Podsumowując w transakcjach, gdy:
- zarówno dłużnikiem jak i wierzycielem jest duży przedsiębiorca jest możliwość ustalenia terminu dłuższego niż 60 dni, jeśli ustalenie to nie jest rażąco nieuczciwe wobec wierzyciela,
- zarówno dłużnikiem jak i wierzycielem jest mikro przedsiębiorca, mały lub średni przedsiębiorca jest możliwość ustalenia terminu dłuższego niż 60 dni, jeśli ustalenie to nie jest rażąco nieuczciwe wobec wierzyciela,
- dłużnikiem jak jest mikro przedsiębiorca, mały lub średni przedsiębiorca, a wierzycielem jest duży przedsiębiorca, jest możliwość ustalenia terminu dłuższego niż 60 dni, jeśli ustalenie to nie jest rażąco nieuczciwe wobec wierzyciela,
- dłużnikiem jest duży przedsiębiorca, a wierzycielem jest mikro przedsiębiorca, mały lub średni przedsiębiorca nie ma możliwości ustalenia terminu dłuższego niż 60 dni.

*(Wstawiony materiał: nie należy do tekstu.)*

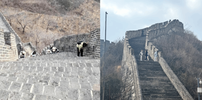 这次主题党日活动还与功能性运动装设计课程结合进行,教工党员们与同学们一起完成了户外徒步体验,在亲近自然的同时激发对设计需求的探索。从山脚到烽火台,大家凭着坚强的意志和饱满的热情,一步一个台阶,步步登高。大家在攀登中深入领会长城精神的内涵和民族文化,在相互鼓励中共同抵达终点。
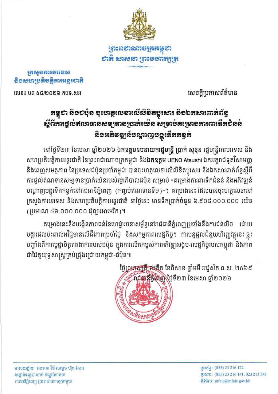 នៅថ្ងៃទី១៩ ខែមេសា ឆ្នាំ២០២៦ ក្រសួងការបរទេស និងសហប្រតិបត្តិការអន្តរជាតិ បានចេញសេចក្ដីប្រកាសព័ត៌មានស្តីពីការតវ៉ាជាផ្លូវការរបស់រាជរដ្ឋាភិបាលកម្ពុជាប្រឆាំងនឹងសកម្មភាពរបស់កងកម្លាំងប្រដាប់អាវុធថៃ។ក្រសួងការបរទេស និងសហប្រតិបត្តិការអន្តរជាតិ នៃព្រះរាជាណាចក្រកម្ពុជា សូមសម្តែងនូវការតវ៉ាជាផ្លូវការរបស់ ...
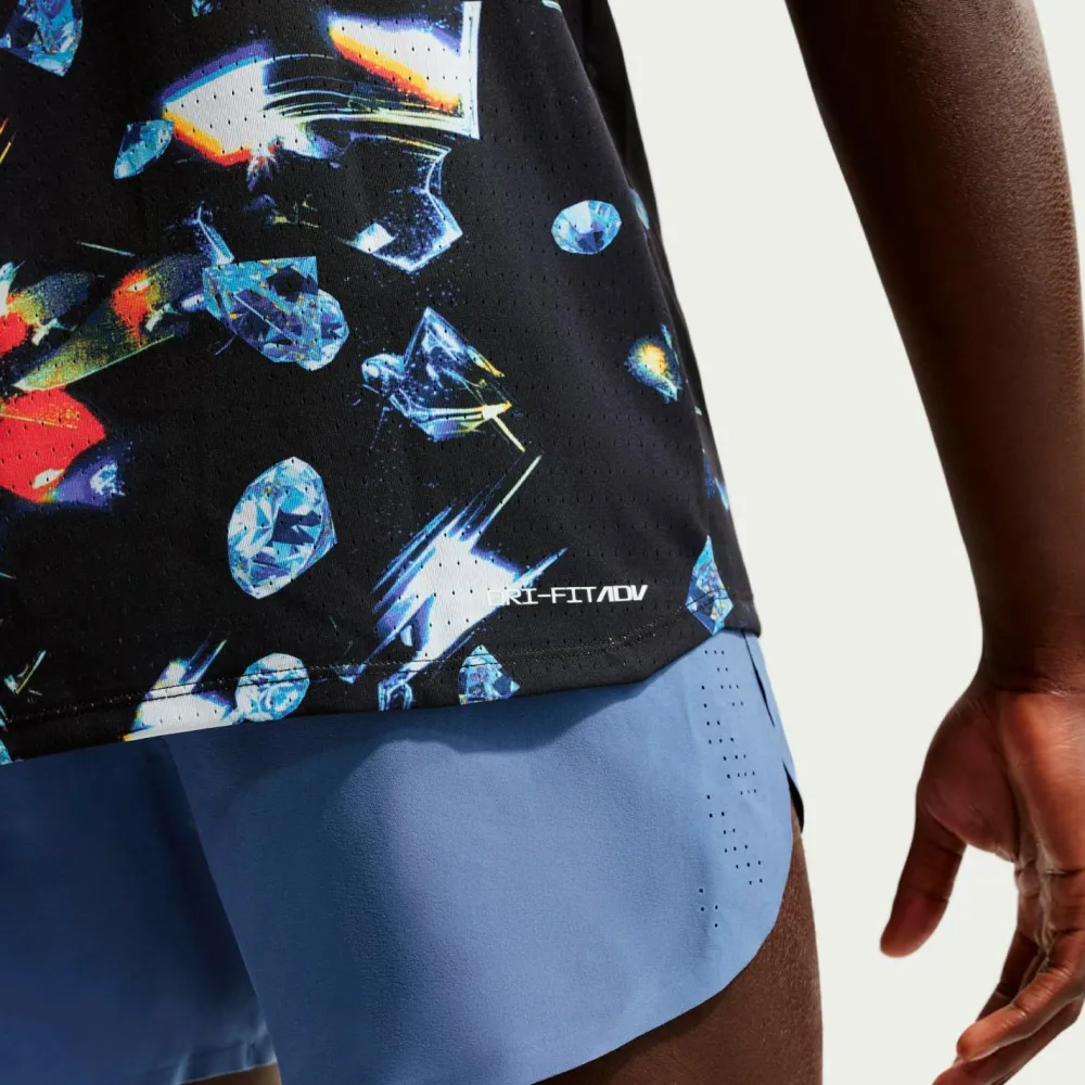 Das Dri-Fit ADV Aeroswift AOP S/S von Nike ist für Tempo gemacht und von der legendären Diamant-Trophäe inspiriert. Es ist atmungsaktiv und schnelltrocknend. Das leichte Material fühlt sich kaum spürbar an und sorgt mit gezielter Atmungsaktivität dafür, dass Du auch bei Höchstgeschwindigkeit angenehm kühl bleibst. Mit dem Laufshirt kannst Du Dich voll auf Deinen Lauf, Deinen Rhythmus und Deine Ziellinie konzentrieren.
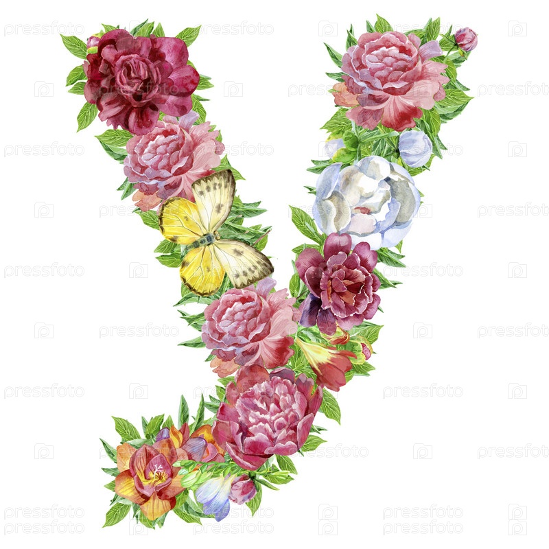 Буква из акварельных цветов, изолированная ручная работа, свадебный дизайн, кириллический русский алфавит 21

W tym artykule nie poruszę tematu odsetek w przypadku braku zapłaty nawet w tych wydłużonych terminach. O tym, jak napisać pozew o odsetki ustawowe za opóźnienie w transakcjach handlowych, dowiesz się z mojego drugiego bloga.
Czyn nieuczciwej konkurencji
Możesz się dziwić, dlaczego na blogu poświęconym nieuczciwej konkurencji zajmuję się tematem odsetek ustawowych. To dość długie wyjaśnienie było potrzebne, aby dojść w końcu do najważniejszej rzeczy, o której chciałem napisać.
Od 1 stycznia 2020 r. nieuzasadnione wydłużanie terminów zapłaty to również czyn nieuczciwej konkurencji. Czynem takim jest bowiem nieuzasadnione wydłużanie terminów zapłaty za dostarczone towary lub wykonane usługi. Czyn ten polega m.in. na naruszeniu przepisów ustawy o przeciwdziałaniu nadmiernym opóźnieniom w transakcjach handlowych.
Uznanie wydłużania terminów zapłaty za czyn nieuczciwej konkurencji daje poszkodowanym nowe narzędzia obrony. Poszkodowani będą mogli bowiem skorzystać z roszczeń przewidzianych w ustawie o zwalczaniu nieuczciwej konkurencji. A o tym, jakie to są roszczenia, możesz dowiedzieć się z darmowego e-booka.
Jest jednak jeszcze jedna istotna rzecz. Łatwo sobie wyobrazić sytuację, w której przedsiębiorca, niezasadnie wydłużając terminy zapłaty wobec swoich dostawców, osiąga przewagę rynkową wobec konkurentów. Jeśli na rynku działa kilka firm, a jedna z nich nieuczciwie wydłuża umowne terminy zapłaty, to może dłużej obracać pieniędzmi. Coś na kształt kredytu kupieckiego. Ale teraz takie działanie to czyn nieuczciwej konkurencji również wobec konkurentów. Również zatem i konkurenci będą mogli skutecznie walczyć z nieuczciwym przedsiębiorcą.
Jest to stosunkowo nowy przepis i z niecierpliwością czekam na wyroki sądów w tym temacie. Może wreszcie termin zapłaty faktury nie będzie wydłużany. Bo po prostu nie będzie się to opłacać. Wiem, marzyciel ze mnie.